Первое письмо я получила через две недели после их отъезда.


Шестое августа 1481 года.

Здравствуй, любимая!

Телохранители графа прочитывают перед отправкой все письма, поэтому буду краток, чтобы не утомлять их бесконечными излияниями чувств к тебе. Его светлость велел напомнить, что это письмо нельзя показывать никому, даже обитателям дворца Риарио, а если кто-нибудь будет расспрашивать, куда поехал граф, следует отвечать, что он в Романье, осматривает новый город Форли.

В данный момент это чистая правда. Мы прибыли в Форли вчера. Путешествие затянулось несколько дольше обычного, поскольку граф выбрал не широкую торную дорогу, ведущую во Флоренцию, а узкую, почти пустынную, которая проходит через всю Романью.

На подъездах к Форли местность равнинная, неудивительно, что здесь выращивают так много зерна. Мы проезжали мимо бескрайних полей пшеницы, золотистой, почти созревшей. Сам город маленький и совершенно не похожий на Рим.

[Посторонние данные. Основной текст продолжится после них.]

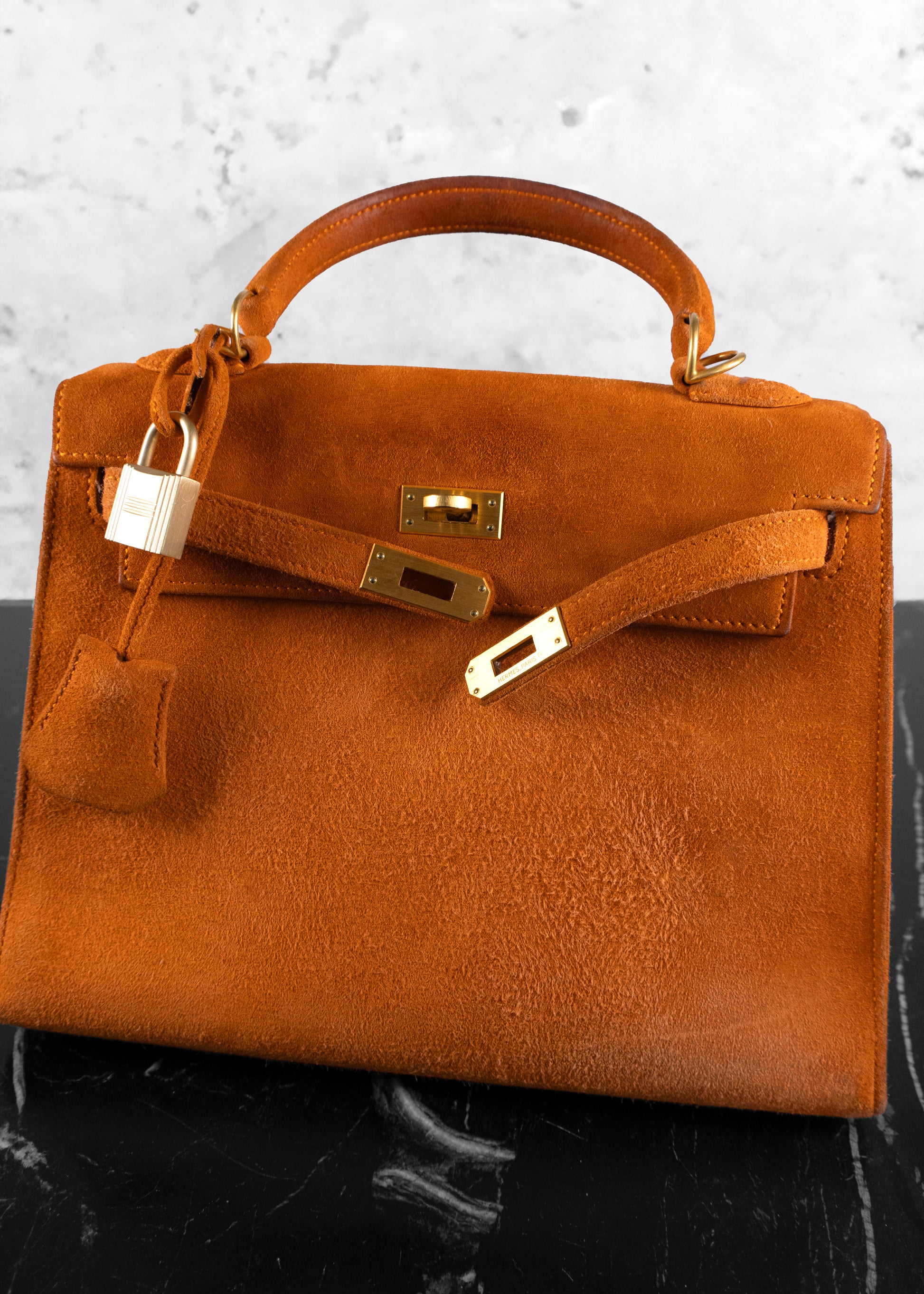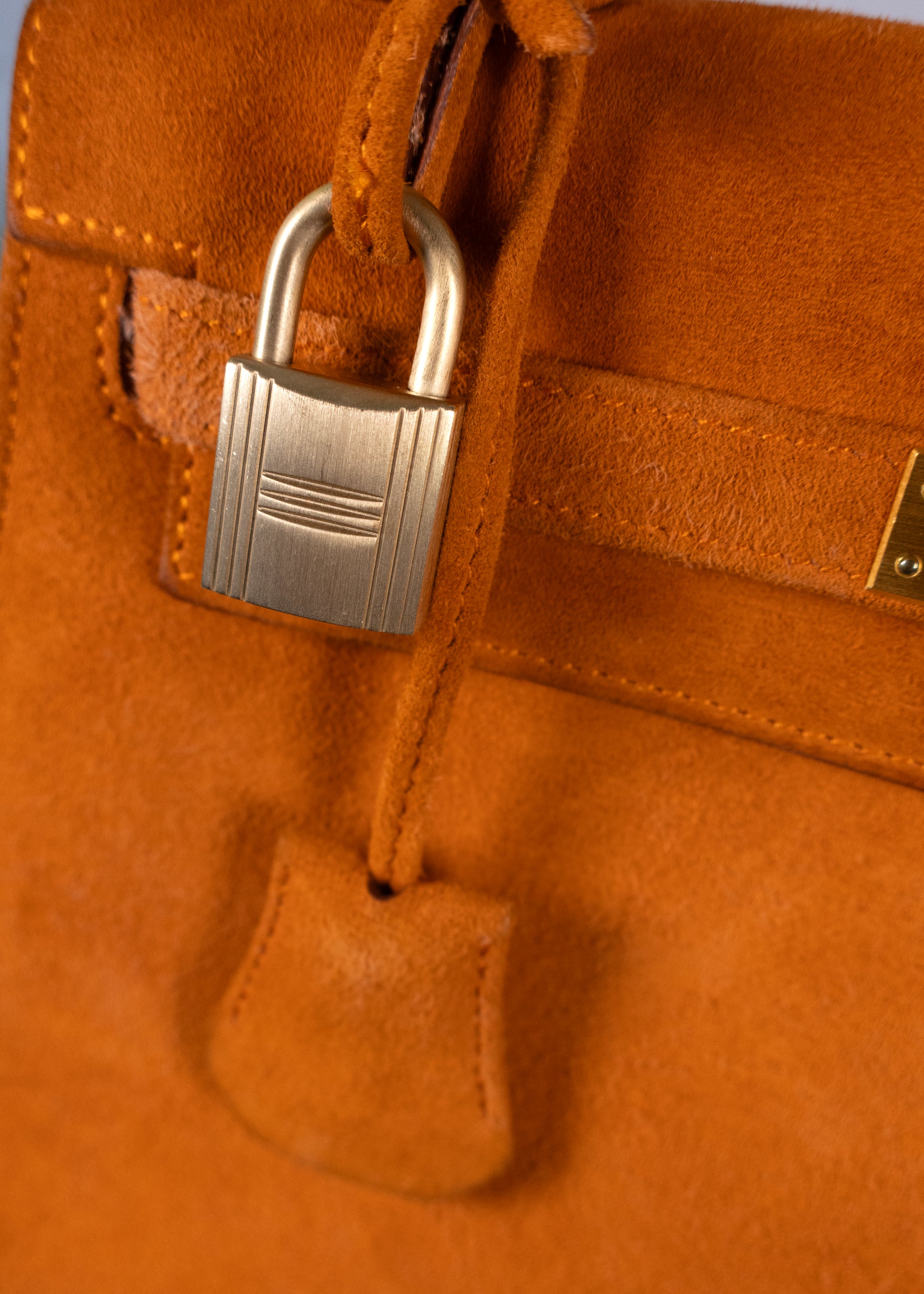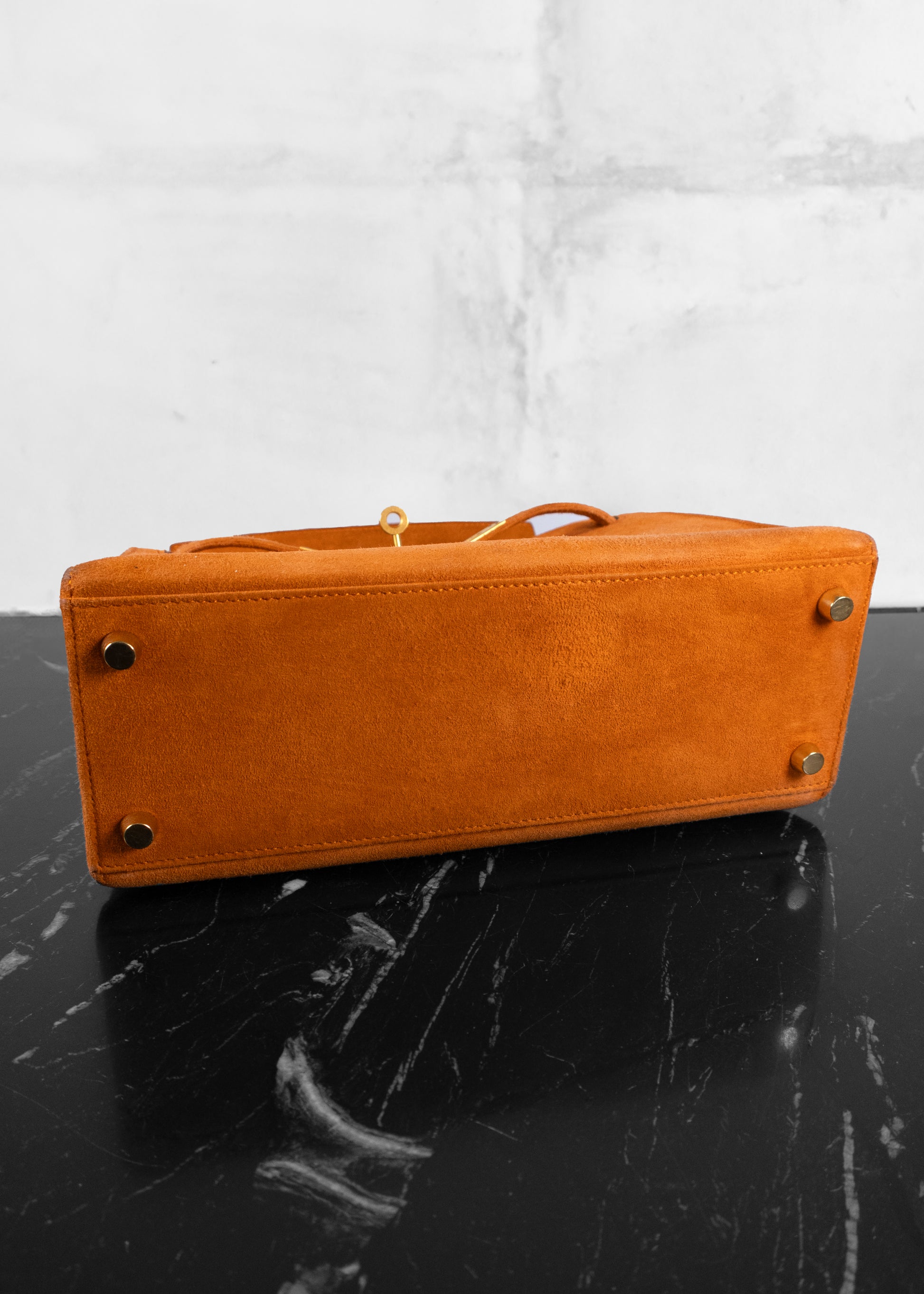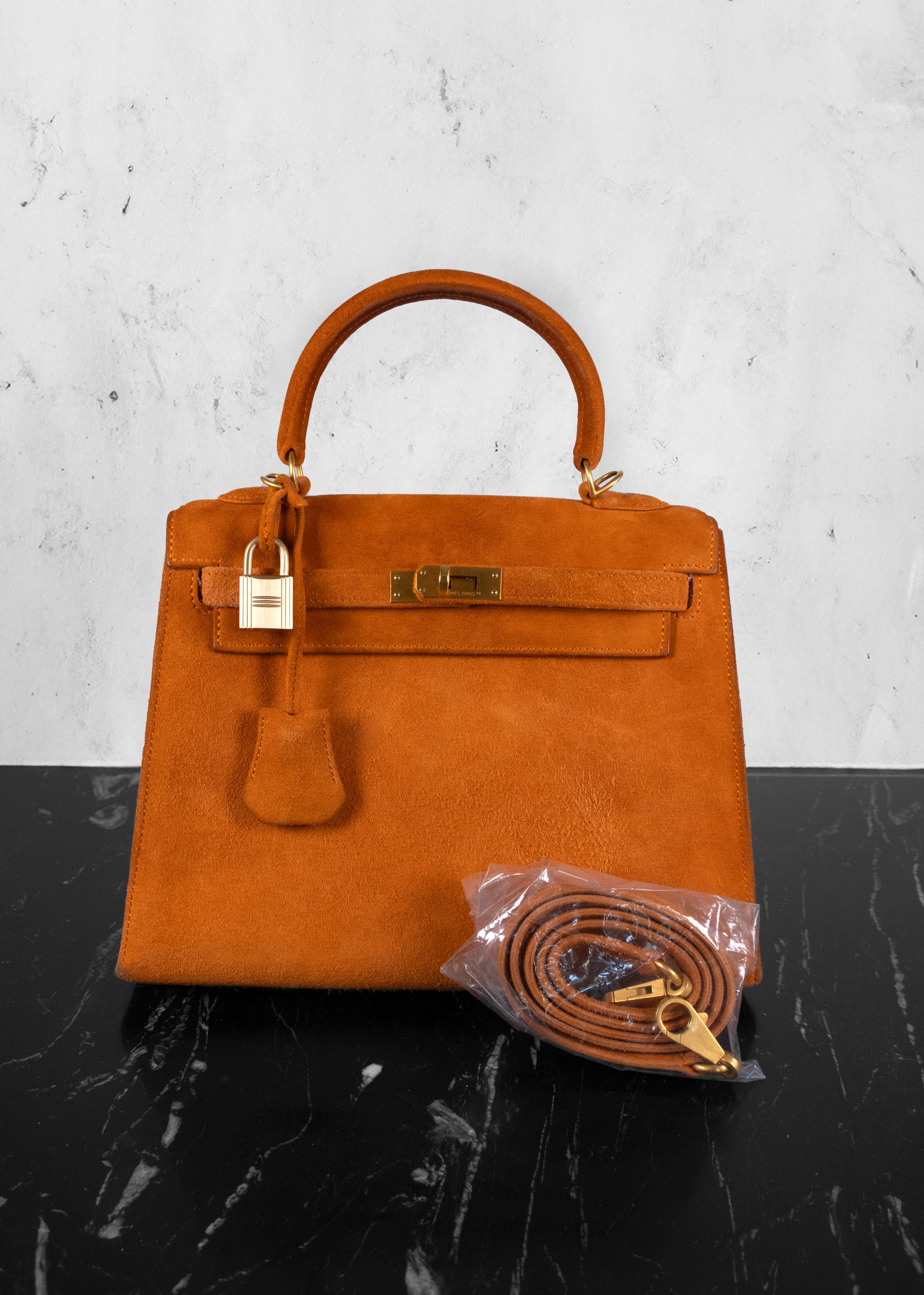 The Hermès Kelly 25 in vibrant orange suede is a luxurious, iconic handbag that exudes timeless elegance. Crafted from soft, premium suede, this bag features the signature Kelly top handle, sleek palladium hardware, and a classic turn-lock closure. Its compact 25 cm size is perfect for a statement look, combining sophistication with a bold pop of color. An ideal choice for collectors and fashion enthusiasts alike.
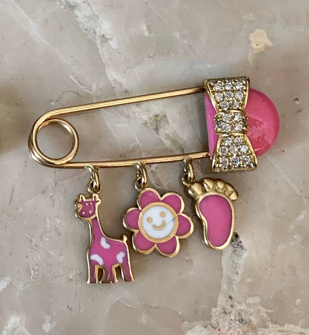 14K Pretty Yellow Gold Pink Safety Pin With Bow, Flower And Giraffe
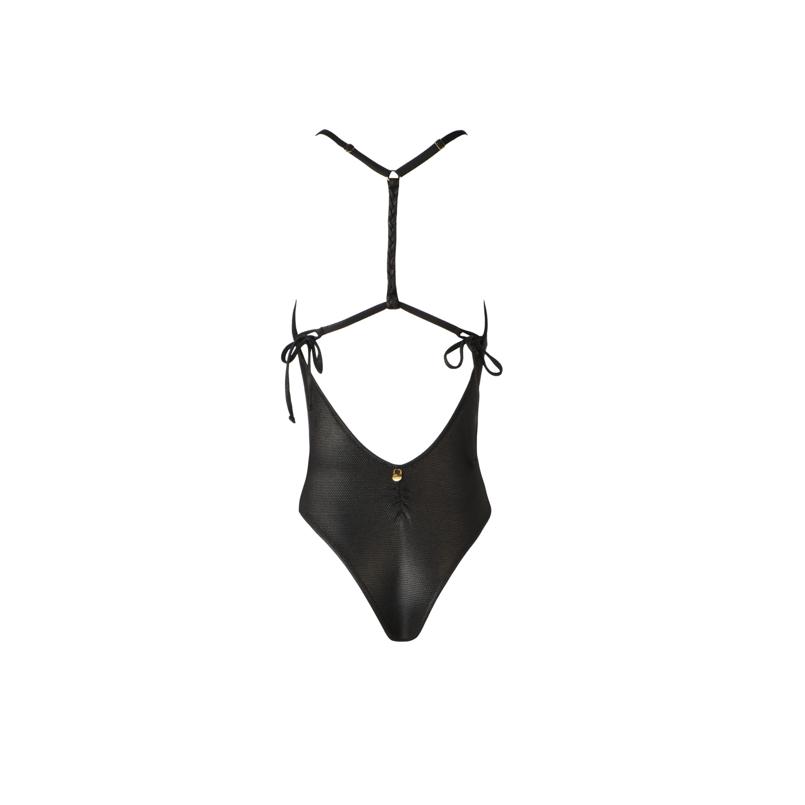 One piece with braided back design and deep open back

Несмотря на это, графиня по-настоящему очаровала здешних обитателей. В этом смысле она весьма полезна своему мужу, поскольку он не умеет завоевывать сердца подданных. В вечер нашего прибытия в Форли в одной из дворцовых кухонь начался пожар. Местные говорят, это плохое предзнаменование. Кто знает, возможно, они и правы.

Я хотел бы еще многое тебе рассказать, но придется отложить это до того счастливого дня, когда я вернусь и наконец-то смогу заключить тебя в объятия.

А пока что, любимая моя, остаюсь твоим вечным слугой,

Лука.

Восьмое августа 1481 года.

Дорогая Дея!

Мы приехали в Форли несколько дней назад. Местность вокруг исключительно равнинная, однако, глядя из западного окна бывшего герцогского дворца, я вижу вдалеке прекрасные Апеннины.

Городок очень мал, но его жители весьма доброжелательны и делают все, чтобы достойно принять нас. Когда мы въезжали в городские ворота, местные юноши, одетые в белое, махали в знак приветствия пальмовыми ветвями, как будто встречали Иисуса, въезжающего в Иерусалим. Уже вечерело, и многие жители, выстроившиеся вдоль улиц, держали зажженные свечи — получилось очень красиво. Я была в новом платье из золотой парчи с серебристой отделкой, и огоньки изумительно играли на нем.

Нас проводили в церковь Санта-Кроче. Несколько здешних дворян помогли Джироламо сойти с коня и довели его до алтаря, чтобы он получил благословение. Затем мы отправились в наш новый дворец, где нам пришлось сидеть смирно, выслушивая проповедь местного священника. Потом Джироламо поднялся с места и объявил всем собравшимся, что будет править ими как добрый отец. Он никогда не станет брать с них налоги, поскольку мы прекрасно живем и без этих денег.

В ответ на это обещание народ, собравшийся в дворцовой часовне, разразился приветственными криками, новость за секунды разнеслась по улицам, запруженным жителями. Они оглушительно ревели от восторга, лишь пирожки и сладости, которые полетели в толпу из дворцовых окон, заставили их немного успокоиться.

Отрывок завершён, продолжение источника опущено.